◆ **DATASET CONTENT**:
============
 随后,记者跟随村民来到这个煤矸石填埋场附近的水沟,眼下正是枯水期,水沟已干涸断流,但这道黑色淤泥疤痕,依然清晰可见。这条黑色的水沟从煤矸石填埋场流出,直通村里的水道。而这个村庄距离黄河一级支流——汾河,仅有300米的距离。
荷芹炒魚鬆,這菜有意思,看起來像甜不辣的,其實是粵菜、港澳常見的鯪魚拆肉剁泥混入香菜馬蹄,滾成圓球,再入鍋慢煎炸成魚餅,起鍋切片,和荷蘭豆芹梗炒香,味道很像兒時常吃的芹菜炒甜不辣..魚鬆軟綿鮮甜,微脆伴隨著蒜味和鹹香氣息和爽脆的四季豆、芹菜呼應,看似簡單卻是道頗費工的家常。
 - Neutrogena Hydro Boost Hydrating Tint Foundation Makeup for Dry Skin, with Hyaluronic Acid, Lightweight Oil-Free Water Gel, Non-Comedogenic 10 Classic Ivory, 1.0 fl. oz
============
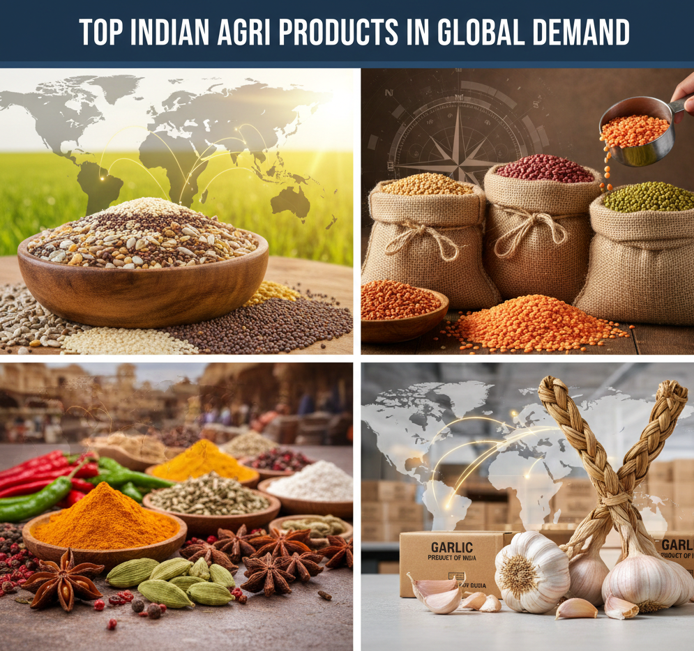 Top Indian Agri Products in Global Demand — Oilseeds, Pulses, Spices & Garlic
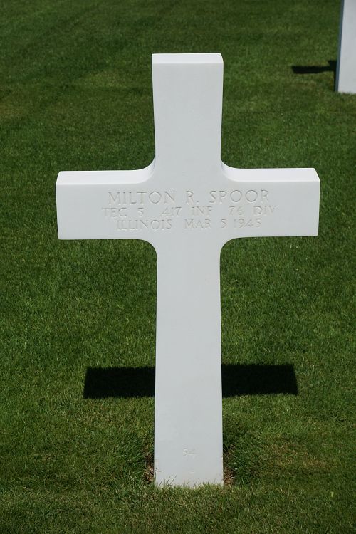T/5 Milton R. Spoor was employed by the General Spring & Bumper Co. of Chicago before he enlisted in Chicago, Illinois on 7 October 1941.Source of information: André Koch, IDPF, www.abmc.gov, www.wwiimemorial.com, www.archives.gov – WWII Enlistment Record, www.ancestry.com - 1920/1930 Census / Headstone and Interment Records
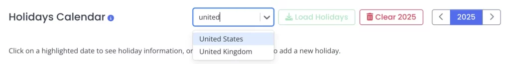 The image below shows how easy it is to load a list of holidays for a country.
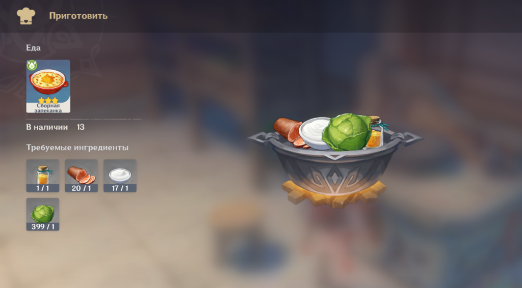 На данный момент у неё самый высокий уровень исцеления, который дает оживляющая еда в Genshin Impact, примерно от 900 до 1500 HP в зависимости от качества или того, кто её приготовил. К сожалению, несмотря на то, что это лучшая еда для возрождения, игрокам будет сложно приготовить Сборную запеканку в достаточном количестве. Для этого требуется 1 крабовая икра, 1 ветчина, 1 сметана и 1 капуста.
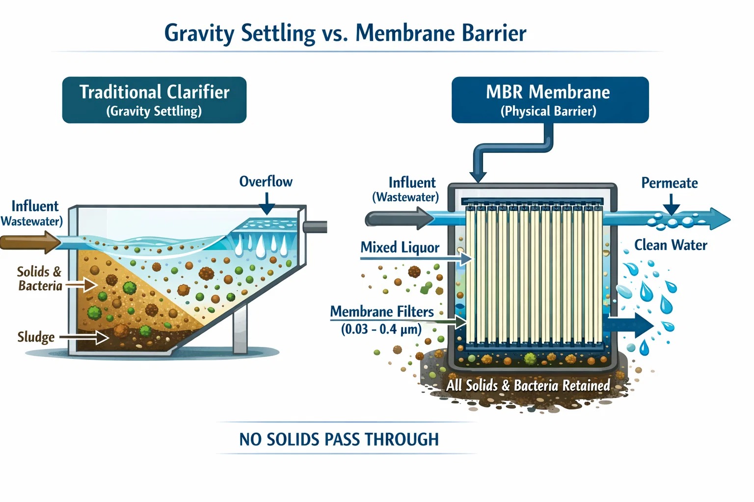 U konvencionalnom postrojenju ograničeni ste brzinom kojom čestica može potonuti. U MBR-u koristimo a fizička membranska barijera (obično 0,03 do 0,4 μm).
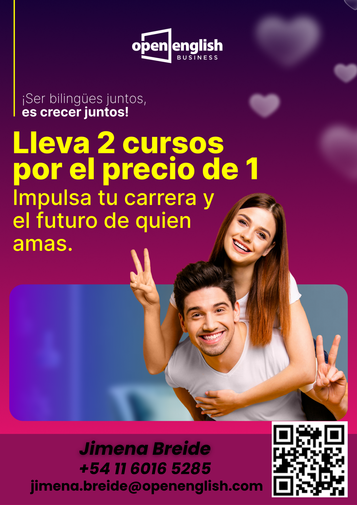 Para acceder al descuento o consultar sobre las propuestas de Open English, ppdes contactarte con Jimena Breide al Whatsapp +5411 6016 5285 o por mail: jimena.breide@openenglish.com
============
One stretch of the lines above is wanted, from the line that contains "随后,记者跟随村民来到这个煤" through the line that contains "荷芹炒魚鬆,這菜有意思,看起". Output it exactly.

 随后,记者跟随村民来到这个煤矸石填埋场附近的水沟,眼下正是枯水期,水沟已干涸断流,但这道黑色淤泥疤痕,依然清晰可见。这条黑色的水沟从煤矸石填埋场流出,直通村里的水道。而这个村庄距离黄河一级支流——汾河,仅有300米的距离。
荷芹炒魚鬆,這菜有意思,看起來像甜不辣的,其實是粵菜、港澳常見的鯪魚拆肉剁泥混入香菜馬蹄,滾成圓球,再入鍋慢煎炸成魚餅,起鍋切片,和荷蘭豆芹梗炒香,味道很像兒時常吃的芹菜炒甜不辣..魚鬆軟綿鮮甜,微脆伴隨著蒜味和鹹香氣息和爽脆的四季豆、芹菜呼應,看似簡單卻是道頗費工的家常。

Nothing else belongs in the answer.